12 Nov 2015, in Cocoa - To improve agriculture, business practices and productivity, IDH, convened civil society, corporate and finance organizations in coalitions with the aim of creating new financing models to fund smallholder farmer perennial crops (Cocoa, Coffee, Tea).
With the R&R Innovation Forum as a premier, 110 corporates, civil society and finance organizations got together to discover new ways of financing smallholder tree crops, and how they can join forces. In addition, they discussed rehabilitation and renovation (R&R) projects, recent innovations across geographies and crops and main bottlenecks. Some 7 million smallholder farmers and about 14 million hectares of land harvested by smallholders for cocoa, coffee, palm oil and tea worldwide would benefit from R&R. To address the underlying demand for R&R in these four crops today a $20bn of financing would be required, rising to $100bn to fully fund these projects over the next 25 years, according to IDH the Sustainable Trade Initiative.
Tree crops decline in productivity over time and need periodic renewal to maintain yields. They are also vulnerable to pests, diseases and climate change, and require ongoing maintenance. Such maintenance and renewal requires upfront investments that can be followed by a period of reduced or no income, and returns to such investments only arise after a period of several years.

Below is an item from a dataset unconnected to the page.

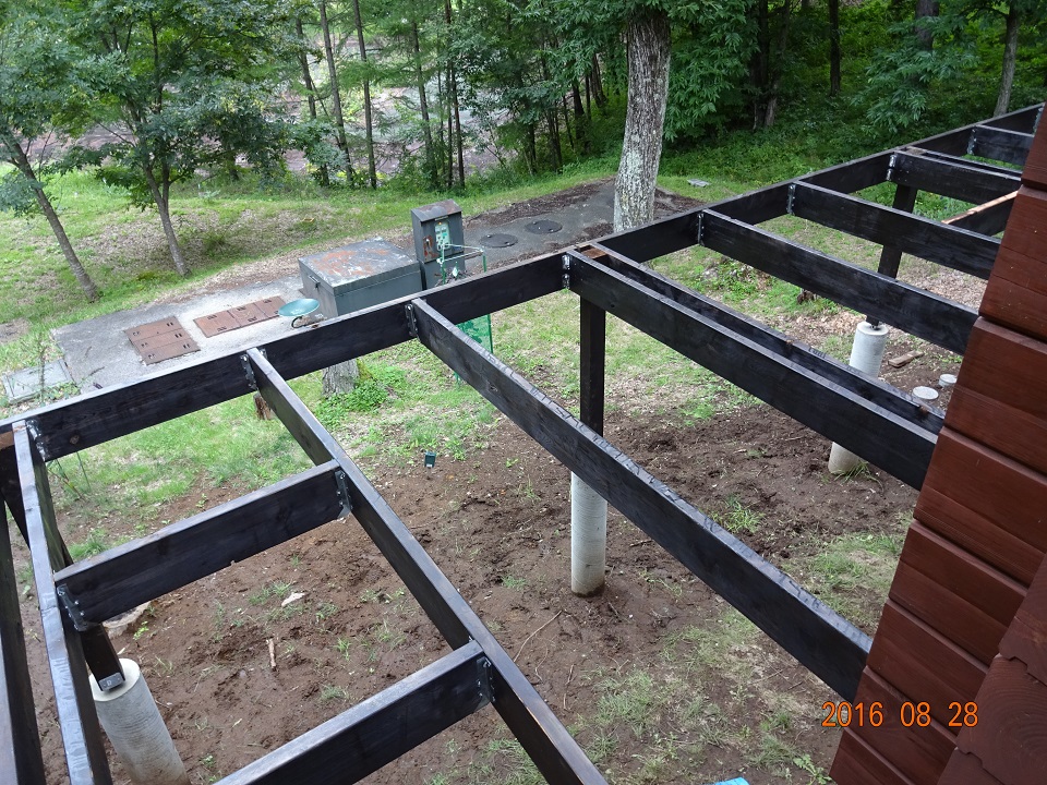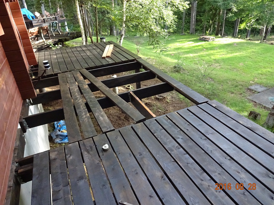 床材を敷設する前の構造材の状況。素人ながらも、WRC材注文の前に、私が簡単な「耐荷重計算」を行った。オフィスは片屋根で、ウッドデッキ側に雪がどさっと落ちる事はない。そこで、メインウッドデッキの構造材が2X10材であるのに対して、オフィスは2X8材で構成した。

R&R aims to improve and upgrade the long-term productivity of these crops so they will generate significant returns. However, delay in returns of both renovation and rehabilitation creates a gap in income that most smallholders can not overcome.
Joost Oorthuizen, executive director at IDH, the Sustainable Trade Initiative said: “To bring rehabilitation and renovation of smallholder tree crops to the next level we will need to start building coalitions with parties that normally don’t sit around the same table. It is encouraging to see these organizations together at our forum, teaming up and creating ideas. Now we need to select regions and farmers, create the alliances to reduce risks and just go.
“As a convener of public-private partnerships, we also believe there is high potential value in accelerating the learning process about R&R projects. Smallholder farmers are an important part of global production for many agricultural commodities, with 30-40% accounting for the palm oil supply, 60-70% for tea and coffee and 85-95% for the global cocoa supply. Demand for these commodities will grow significantly over the medium term which means that failure to undertake smallholder R&R at scale will have substantial farmer livelihoods and environmental implications, as well as commercial implications when supply fails.”
In coffee and cocoa, smallholders are struggling with low productivity due to aging trees, depletion of soils, the effect of climate change and disease outbreaks like La Roya and swollen shoot. In palm oil, Indonesian regions of large-scale planting in the early 1990s are in need of replanting, as trees grow too high to be harvested and are beyond their productive life cycle. In tea, smallholder yields are low and often need infilling and replanting with more productive varieties.
For prospect investors, renovation involves a long-term financing (10 to 15 years) that may involve a grace period of several years. Rehabilitation financing is shorter, typically with a tenor of 5 years or less, and often does not require a grace period.
The content for the Forum was co-developed with our knowledge partners Rabobank, Root Capital and Dalberg. IDH plans to continue to engage stakeholders around this topic, through convening crop focuses working groups in producing countries. Deeping the knowledge and commitment on the ground. The first reengagement of this kind will be at the next African Fine Coffee and Tea Association (AFCA) meeting in Tanzania, February 2016.